• EXTRACTED ENTRIES:
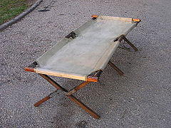 A camp bed, or cot in North America, is a small portable, lightweight bed used in situations where larger permanent beds cannot be used. The main advantage of this bed is its portability and compactness. Camp beds are generally used by armies or organizations, in tourism, and in emergency situations when there is a need to quickly provide accommodation for victims.
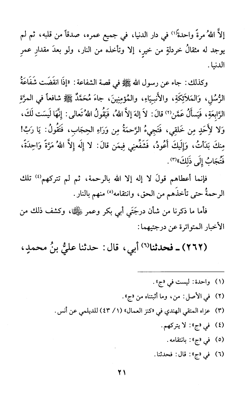 وكذلك: جاء عن رسول الله صلى الله عليه وسلم في قصة الشفاعة: ((إذا انقضت شفاعة الرسل، والملائكة، والأنبياء، والمؤمنين، جاء محمدٌ صلى الله عليه وسلم شافعاً في المرة الرابعة، فيسأل عمن قال: لا إله إلا الله، فيقول الله تعالى: إنها ليست لك، ولا لأحدٍ من خلقي، فتجيء الرحمة من وراء الحجاب، فتقول: يا رب! منك بدأت، وإليك أعود، فشفعني فيمن قال: لا إله إلا الله مرةً واحدةً، فتجاب إلى ذلك)).
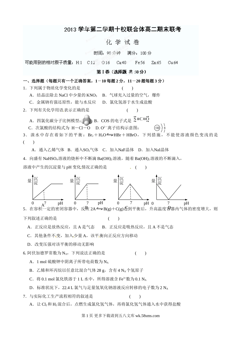 温州十校联考高二下学期期末化学试题及答案.doc_第1页
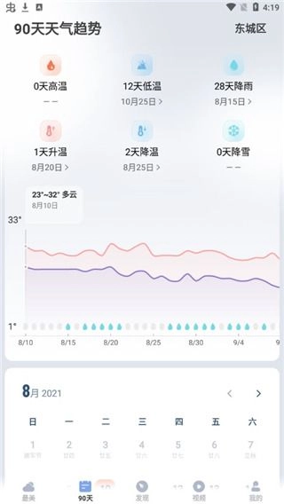 90日天气预报:提供90日天气预报功能,让您预知未来天气,出行轻松无忧;
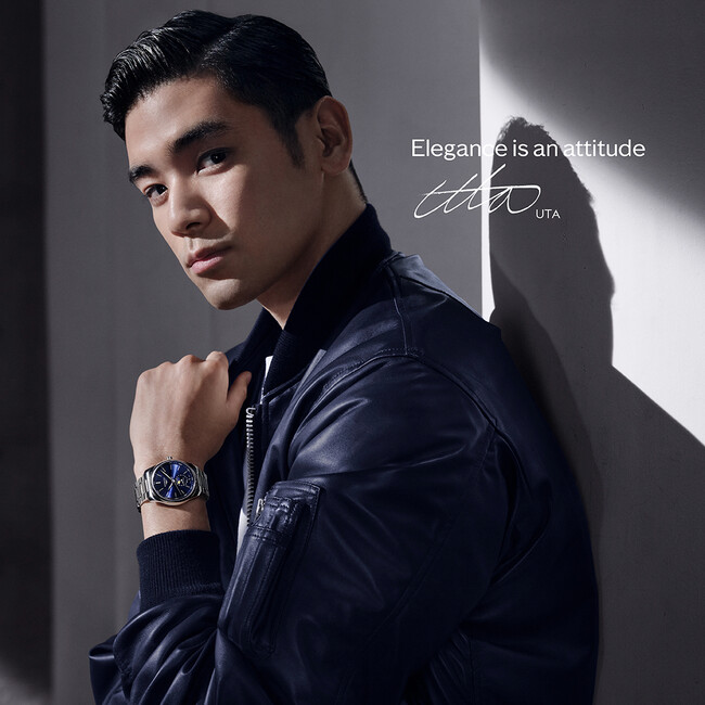 研ぎ澄まされた感性と強さを秘めたエレガンス。UTAさんの腕に光るのは、ロンジンのフラッグシップライン“ロンジン マスターコレクション”の中で、シンプルなデザインの中に、ウォッチメイキングの機能美が際立つモデル。スタイリッシュなサンレイ加工のブルーの文字盤に、スポーティーでモダンな印象を与えるステンレススティールブレスレットをコーディネート。月の満ち欠けを表すムーンフェイズ機能や、シースルーのケースバックからはムーブメントの精緻な動きを楽しむことができます。

• PROMPT:
Pictures are not part of the copy; output everything else in the records exactly.

• YOUR RESPONSE:
 A camp bed, or cot in North America, is a small portable, lightweight bed used in situations where larger permanent beds cannot be used. The main advantage of this bed is its portability and compactness. Camp beds are generally used by armies or organizations, in tourism, and in emergency situations when there is a need to quickly provide accommodation for victims.
 وكذلك: جاء عن رسول الله صلى الله عليه وسلم في قصة الشفاعة: ((إذا انقضت شفاعة الرسل، والملائكة، والأنبياء، والمؤمنين، جاء محمدٌ صلى الله عليه وسلم شافعاً في المرة الرابعة، فيسأل عمن قال: لا إله إلا الله، فيقول الله تعالى: إنها ليست لك، ولا لأحدٍ من خلقي، فتجيء الرحمة من وراء الحجاب، فتقول: يا رب! منك بدأت، وإليك أعود، فشفعني فيمن قال: لا إله إلا الله مرةً واحدةً، فتجاب إلى ذلك)).
 温州十校联考高二下学期期末化学试题及答案.doc_第1页
 90日天气预报:提供90日天气预报功能,让您预知未来天气,出行轻松无忧;
 研ぎ澄まされた感性と強さを秘めたエレガンス。UTAさんの腕に光るのは、ロンジンのフラッグシップライン“ロンジン マスターコレクション”の中で、シンプルなデザインの中に、ウォッチメイキングの機能美が際立つモデル。スタイリッシュなサンレイ加工のブルーの文字盤に、スポーティーでモダンな印象を与えるステンレススティールブレスレットをコーディネート。月の満ち欠けを表すムーンフェイズ機能や、シースルーのケースバックからはムーブメントの精緻な動きを楽しむことができます。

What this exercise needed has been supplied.